= Aethlius (writer) =

Ancient Greek writer

Aethlius (Ancient Greek: Ἀέθλιος) of Samos was the author of a work titled Samian Annals (Ὧροι Σάμιοι), the fifth book of which is quoted by Athenaeus, although he expresses a doubt about the genuineness of the work. Aethlius is also referred to by Clement of Alexandria and Eustathius, and in the Etymologicum Magnum. His dates are uncertain, but it is probable he lived some time in the 5th or 4th century BC.

==Recent editions==
- Fowler R.L., Early Greek Mythography. 1 (Oxford, 2000), 29 s. and Early Greek Mythography.
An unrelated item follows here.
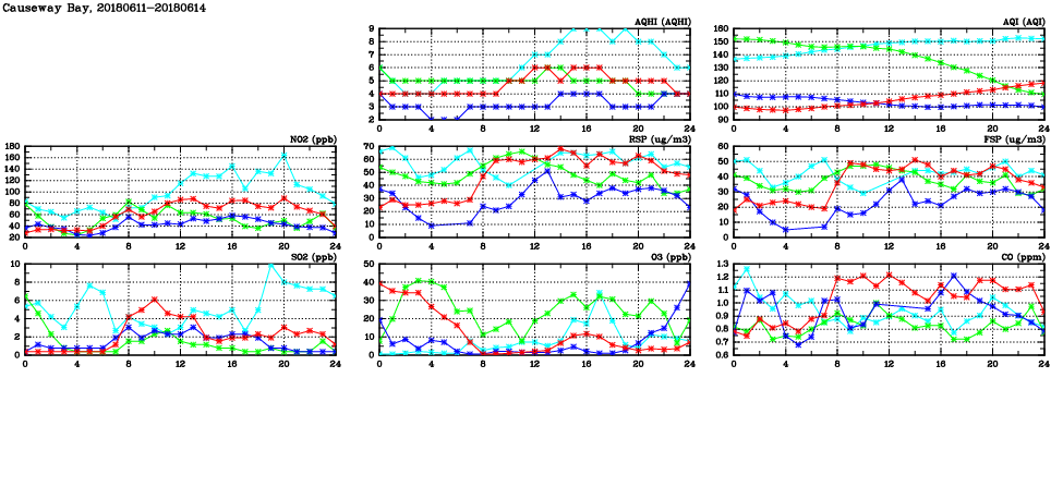 | Air Quality Data Time Series in Causeway Bay (2018/06/14) | ( Line colors: Day -3 Day -2 Day -1 Current day ) | 2D Map Current AQHI |

Volume 2. Commentary (Oxford, 2013), p. 619-620
- D'Hautcourt A., “Aethlios of Samos (536)”, in: Brill’s New Jacoby, Editor in Chief: Ian Worthington (University of Missouri). Consulted online on 31 August 2016 . https://dx.doi.org/10.1163/1873-5363_bnj_a536

==Sources==
- Champion C. B., Aethlios of Samos (FGrH 536), The Encyclopedia of Ancient History 1 (2015) (DOI: 10.1002/9781444338386.wbeah26154)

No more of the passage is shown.